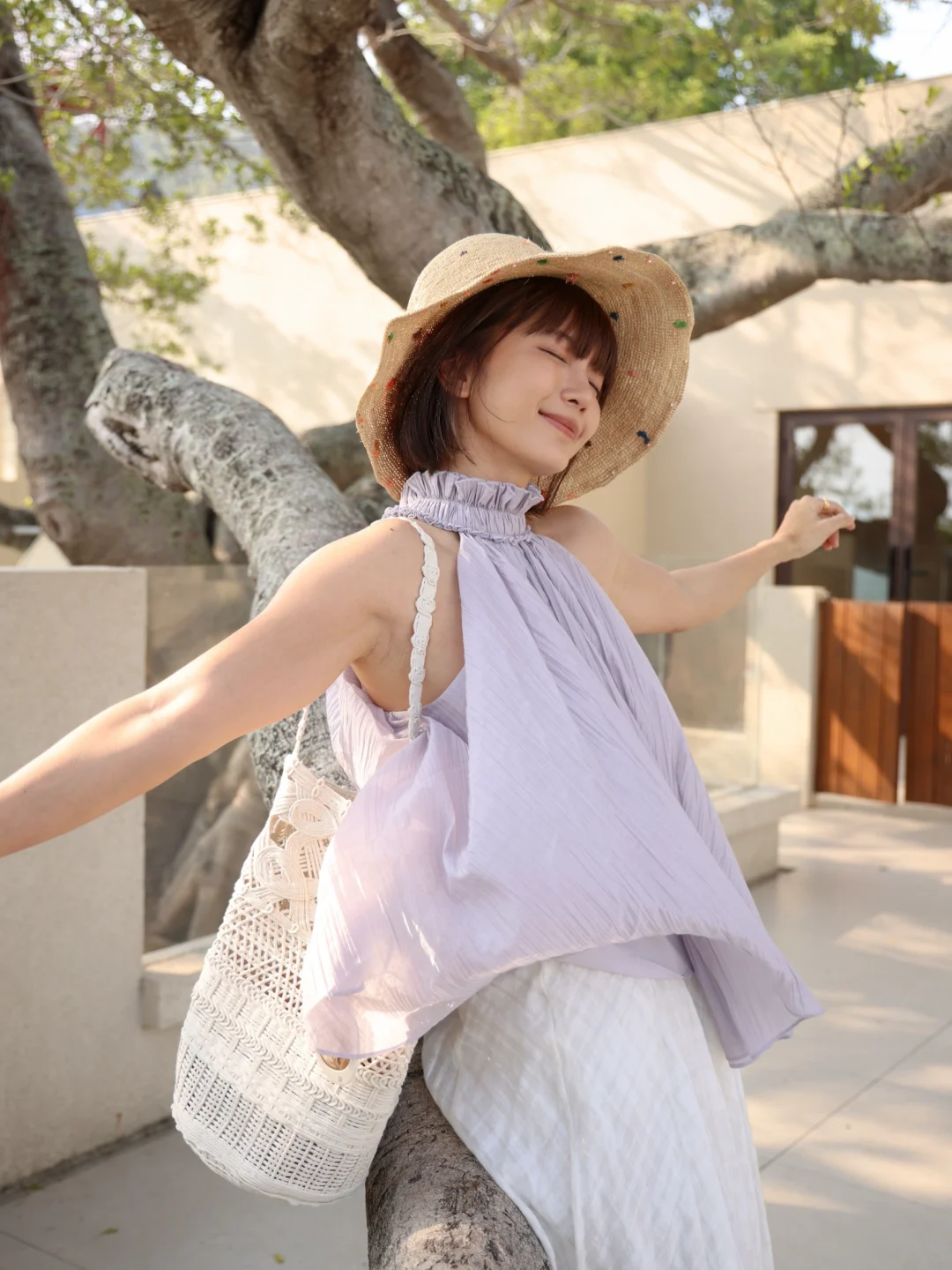 前几天拍东西订了一晚海边的民宿,原本心系工作盘算了一路拍摄计划,下车看到阳光落在海面上,美到原地呆住愣了几秒,春日油画一样蓝绿渐变,海浪和海风交替着在耳边asmr。住的地方也可爱,一棵年纪很大榕树变成了房东,拍视频的时候,榕树叶片在头顶晃动,影子在脚下跳摇摆舞,我在镜头里忍不住一直在笑,工作怎么可能在哪完成都一样呢。
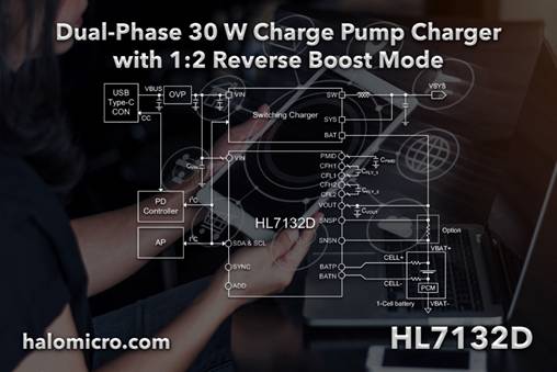 HL7132D 具有1:2反向升壓模式的新型雙相30W電荷泵充電芯片
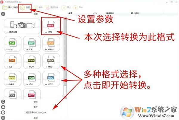 左边选择要输出格式MP4,同时你也可对此格式输出进行设置。
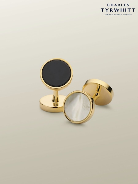 Charles Tyrwhitt Yellow Mother of Pearl and Onyx Evening Cufflinks
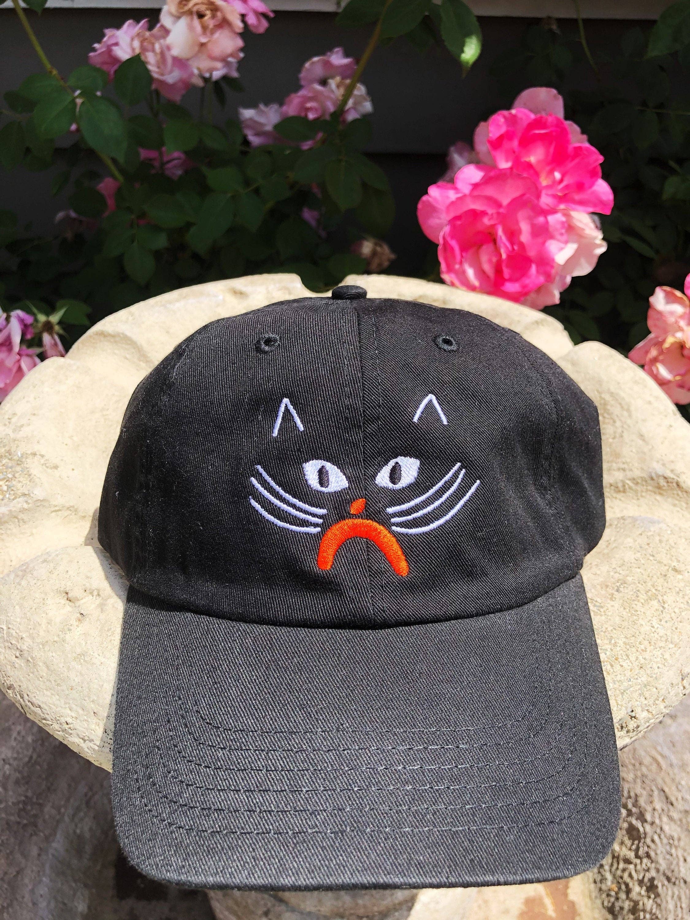 A grumpy cat face embroidered on a black dad hat, with a adjustable strap in back Perfect for somebody who needs a pick me up, or anyone with a head.
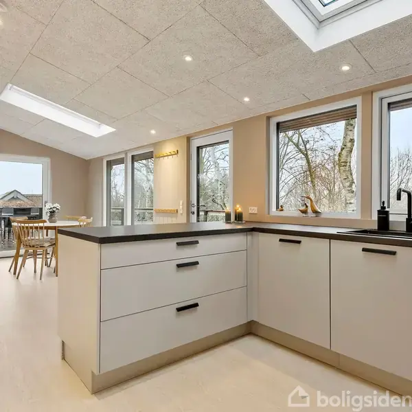 Åbent hus med tilmeldingskrav 6/2 - klik på billede - Hvalpsund er et af Limfjordens stille vidundere – et sted hvor himlen åbner sig, lyset danser over fjorden, og hverdagen bliver blødere i kanterne. Her mødes roen fra naturen med små lokale lommer af liv; en badebro, et ishus, en cykelsti gennem landskabet, og den særlige atmosfære, som kun kystnære sommerhusområder kan bære. Området favner både det gamle fiskerlejes charme og den moderne sommerhusdrøm, hvor familier finder nærvær i naturens tempo. Hvalpsund er det sted, man vender tilbage til – fordi luften, stilheden og udsigten simpelthen gør noget godt for én. På Skovduevej 28 møder man et sommerhus, hvor alt er nyt, gennemtænkt og udført med kærlighed til både æstetik og funktion. Ejeren har forvandlet huset, så det i dag står som et moderne, lækkert og indflytningsklart fristed – skabt til netop det liv, de selv har nydt her. Indenfor venter et lyst, åbent opholdsrum, hvor køkken og stue smelter sammen på naturligste vis. Materialerne er moderne, tonerne nordiske, og lyset strømmer ind fra nye vinduer mod alle verdenshjørner. De to gode værelser giver plads til både familie og gæster, og det stilfulde badeværelse fuldender oplevelsen af kvalitet. Alt – fra tag og træbeklædning til installationer – er udskiftet og fornyet. Her er ingen kompromisser, kun velvalgte løsninger og en fornemmelse af et hus, der er klar til at skabe nye historier. Huset ligger på en helt særlig grund – et privat, næsten magisk sted, hvor naturen folder sig ud omkring én. Med sine 1208 m² byder grunden på både fredfyldte kroge og åbne udsigter. Den høje placering giver en malerisk fornemmelse af at være hævet over landskabet, hvor træerne, himlen og området omkring sommerhuset bliver en del af udsmykningen. Rundt om huset slynger den store terrasse sig som et ekstra opholdsrum under åben himmel. Her kan man nyde morgensolen, aftengløden, grillmiddage, lege, afslapning – alt det, som kendetegner sommerhuslivet, når det er allerbedst. Terrassen binder hus og natur smukt sammen og giver en unik følelse af frihed og plads.
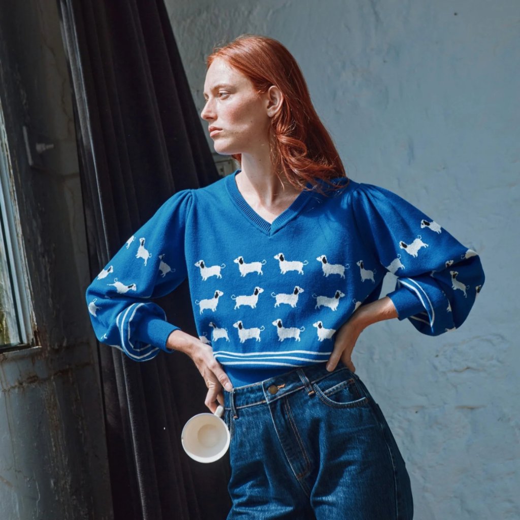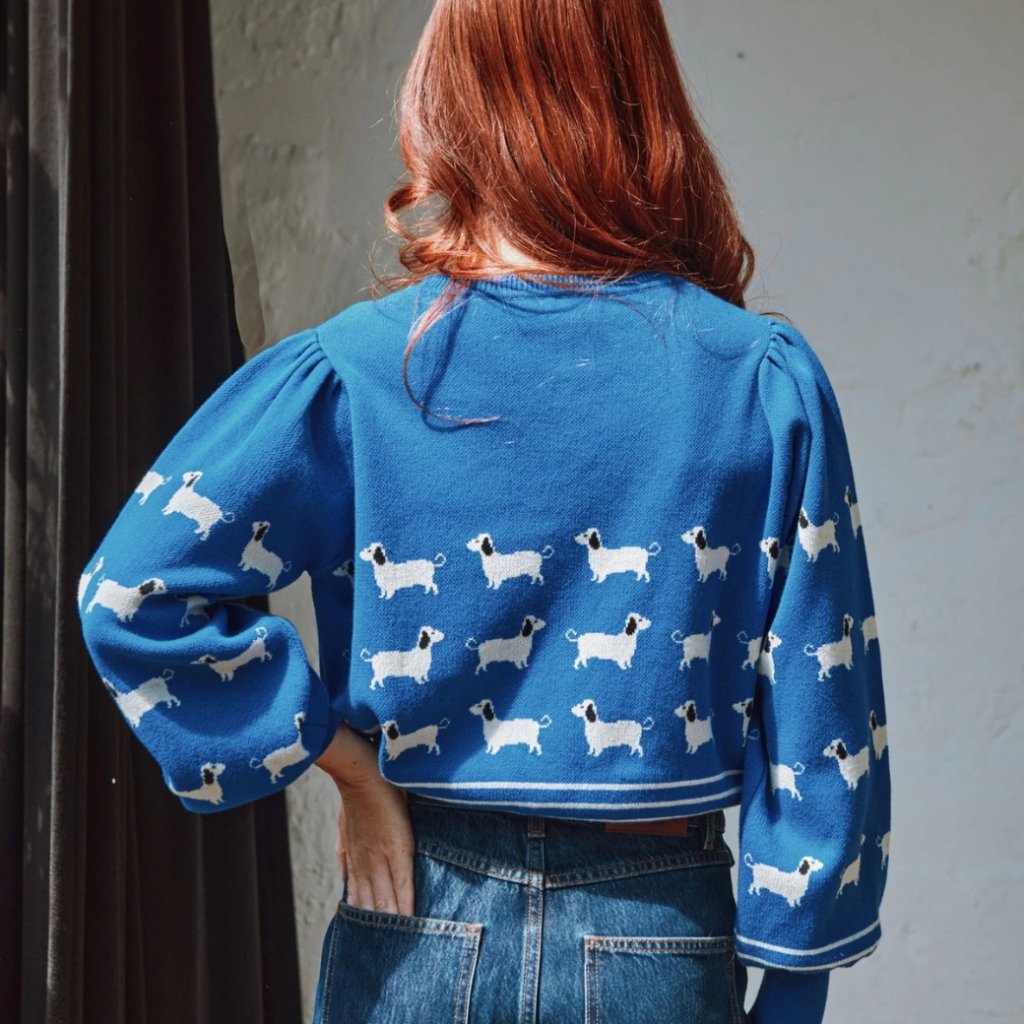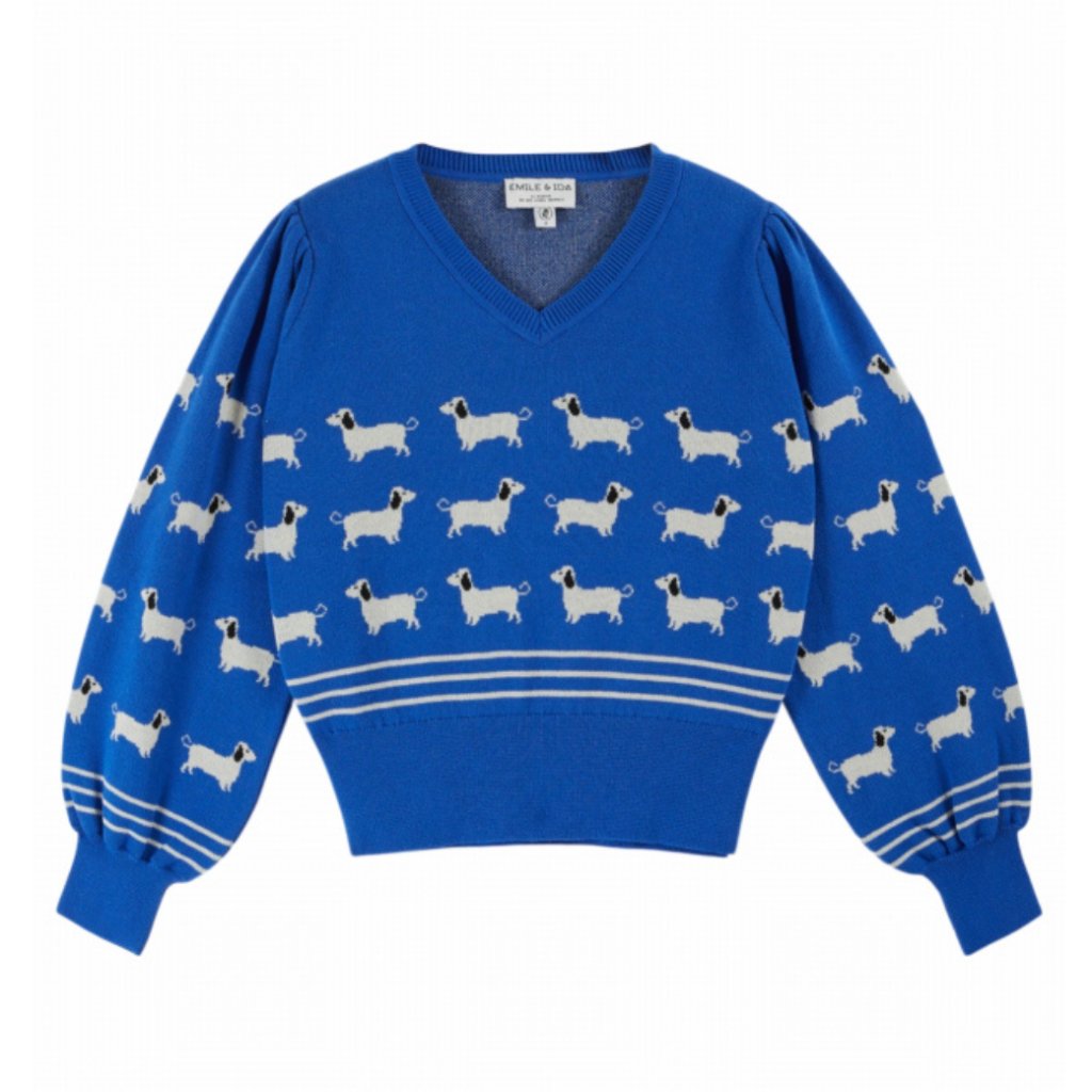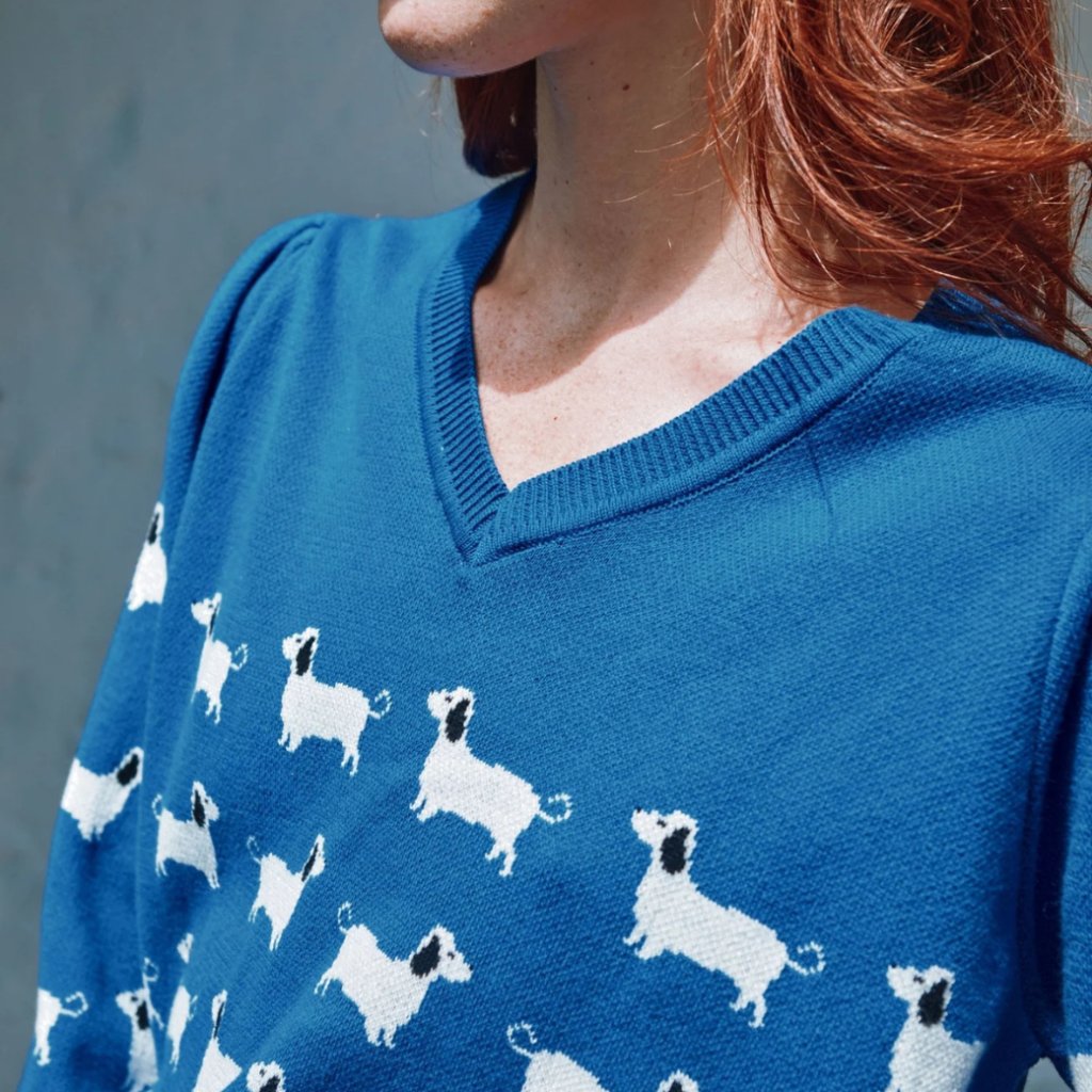 Roztomilý pletený svetr z organické bavlny v královské modři, ozdobený bílými jezevčíky. Pletený technikou intarsia jacquard, která dodává vzoru precizní detail a trvanlivost. Svetr je měkký a hřejivý, ideální pro pohodlí během chladných zimních dní.
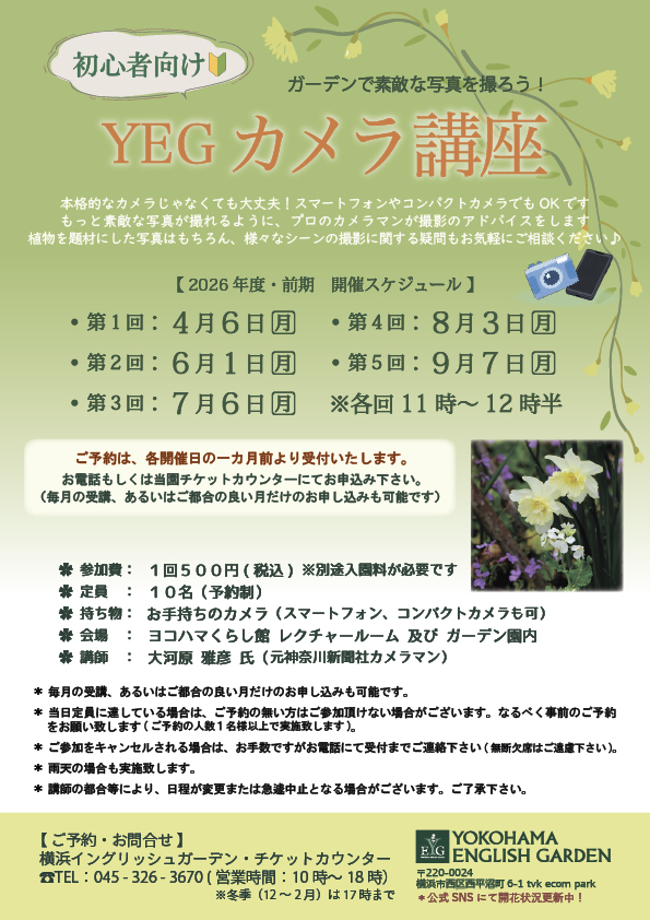 カメラ初心者の方でも素敵な写真が撮れるよう、講師が撮影のアドバイスをするカメラ講座のご案内です。どなたさまも是非お気軽にご参加ください。
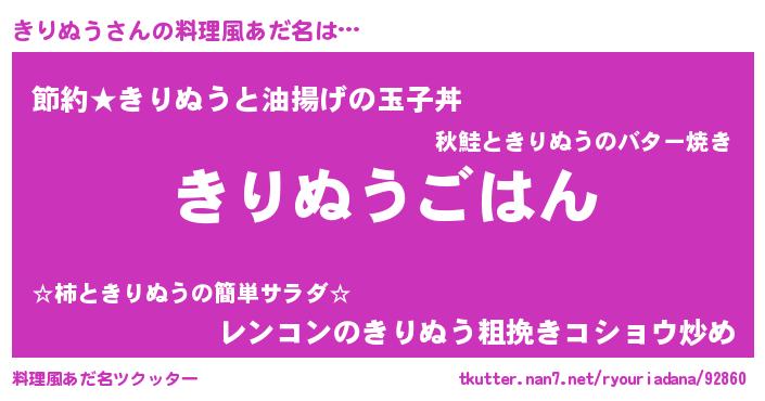 | 男性向けラノベタイトル風あだ名 | 『キリヌウスレイヤー』『きりぬうの憂鬱』 |
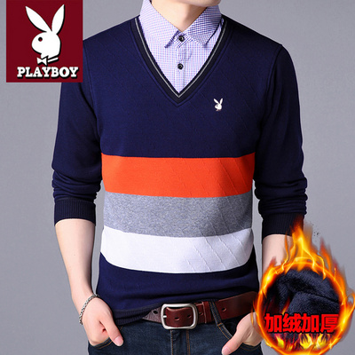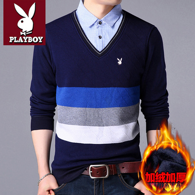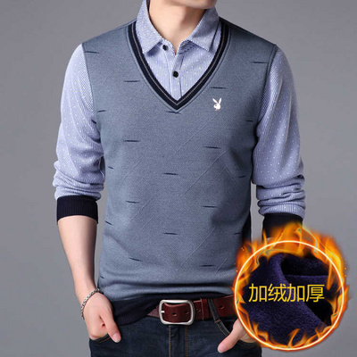 Playboy mùa thu và mùa đông áo len nam trung niên cộng với áo len nhung dày ấm áp giả hai chiếc áo len nam - Áo len
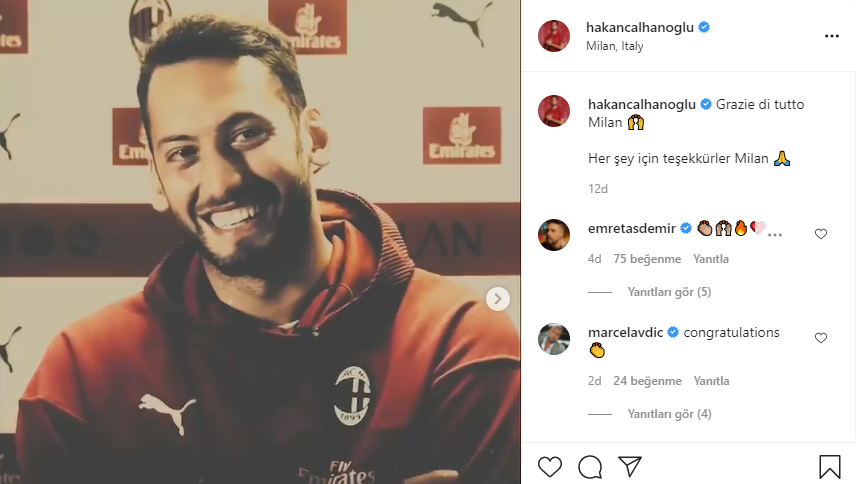 Milan ile sözleşmesi sona eren milli futbolcu Hakan Çalhanoğlu, sosyal medya hesabından yaptığı paylaşım ile takımına veda etti. 27 yaşındaki milli yıldız paylaşımında, "Her şey için teşekkürler Milan" ifadesine yer verdi.

Task to complete
Please return only the lines from the top of the data through the line with "A grumpy cat", exactly as written, and drop every picture.

Answer
 前几天拍东西订了一晚海边的民宿,原本心系工作盘算了一路拍摄计划,下车看到阳光落在海面上,美到原地呆住愣了几秒,春日油画一样蓝绿渐变,海浪和海风交替着在耳边asmr。住的地方也可爱,一棵年纪很大榕树变成了房东,拍视频的时候,榕树叶片在头顶晃动,影子在脚下跳摇摆舞,我在镜头里忍不住一直在笑,工作怎么可能在哪完成都一样呢。
 HL7132D 具有1:2反向升壓模式的新型雙相30W電荷泵充電芯片
 左边选择要输出格式MP4,同时你也可对此格式输出进行设置。
 Charles Tyrwhitt Yellow Mother of Pearl and Onyx Evening Cufflinks
 A grumpy cat face embroidered on a black dad hat, with a adjustable strap in back Perfect for somebody who needs a pick me up, or anyone with a head.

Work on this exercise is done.